Even as progressives rightly criticize the DNC for past, present and future offenses, we must not lose sight of the bigger picture. Donald Trump can win in 2016 only if he faces a divided, un-motivated Democratic Party at war with itself. This is why the Trump campaign has already set about trying to drive a wedge between progressives by feigning sympathy for aggrieved Sanders voters who he opposes on almost every substantive issue, including calls for campaign finance reform and fairer taxation that he has largely abandoned following the Republican primaries as he has cozied up to big donors like Sheldon Adelson.
For the sake of the political revolution that Bernie Sandets began and hopes to continue from the Senate, we must unite behind Hillary Clinton and encourage her best instincts while keeping the racist, xenophobic, authoritarian Trump far away from the reigns of power. Our children and grandchildren may well depend on whether and how we vote in November. And no, voting for Hillary Clinton in November primarily or exclusively to keep Trump out of the Oval Office is not casting a vote out of some primal, unprincipled “fear.” Nor is it “pragmatic” in the cold, calculating sense of the term.
Rather, it is rooted in humanism, in a willingness to temper one’s ideological convictions with a consideration of the very real suffering that so many people – not just the immigrants and Muslims on Trump’s rhetorical hit list but all Americans who are not insulated by a bubble of privilege.
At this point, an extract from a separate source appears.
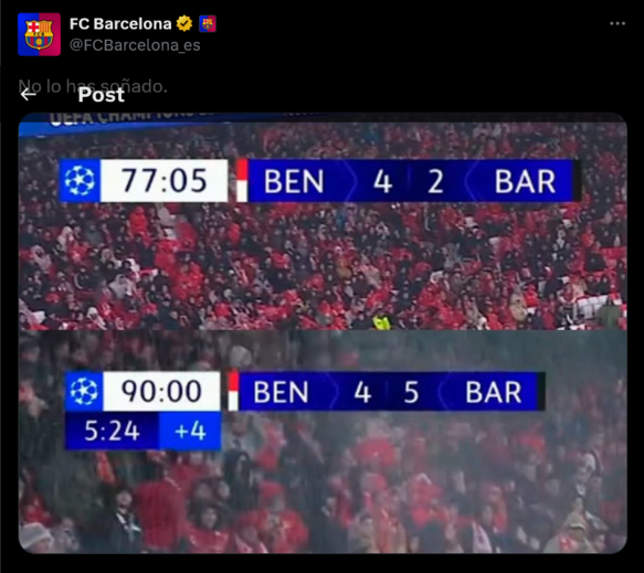 O jogo foi de muitas emoções e as redes sociais estavam ao rubro: o Benfica-Barcelona (4-5) juntou todos os ingredientes para se tornar num jogo épico de Liga dos Campeões e os 'memes' navegaram a mesma onda...

And rest assured, those most at risk from Trump’s racist, xenophobic authoritarianism will not thank Jill Stein and #BernieorBust for their brave, ideologically immaculate stand against neoliberalism. When the alternative is a borderline-fascist, any kind of liberal would do (and this is accepting the dubious notion that Clinton, once hailed as the progressive of her husband’s administration, is currently or has ever been a true neoliberal).
All snark aside, there will be ample time for progressives to work their will on the Democratic Party in the coming years; indeed, standard bearers like Bernie Sanders and Elizabeth Warren have ensured that we are in a better position to do so now than in a generation. But none of their hard work, none of OUR hard work will matter if a GOP in thrall Donald Trump seizes control of government at the federal, state and local levels, leaving behind a judicial system stacked with reactionary nominees bent on halting a political revolution in a storm of adverse rulings.
So, fellows progressives, by all means criticize the party establishment; protest, sign petitions, support primary challenges from the left. Such actions, over time, will continue to shift the Democratic Party Left. But when the time comes to elect a president in November, set aside your grievances about Tim Kaine, Debbie Wasserman-Schultz and leaked emails for a day. Hold your nose if you have to, but with your other hand pull the lever for the candidate who, for all her flaws, is qualified to serve as president and receptive to progressive change in the coming years if we’re there to light a fire under her ass (donkey) and keep her reasonably honest. The other choice is not Jill Stein, it’s not Gary Johnson; it’s Donald Trump. And for progressives, Trump should be no choice at all.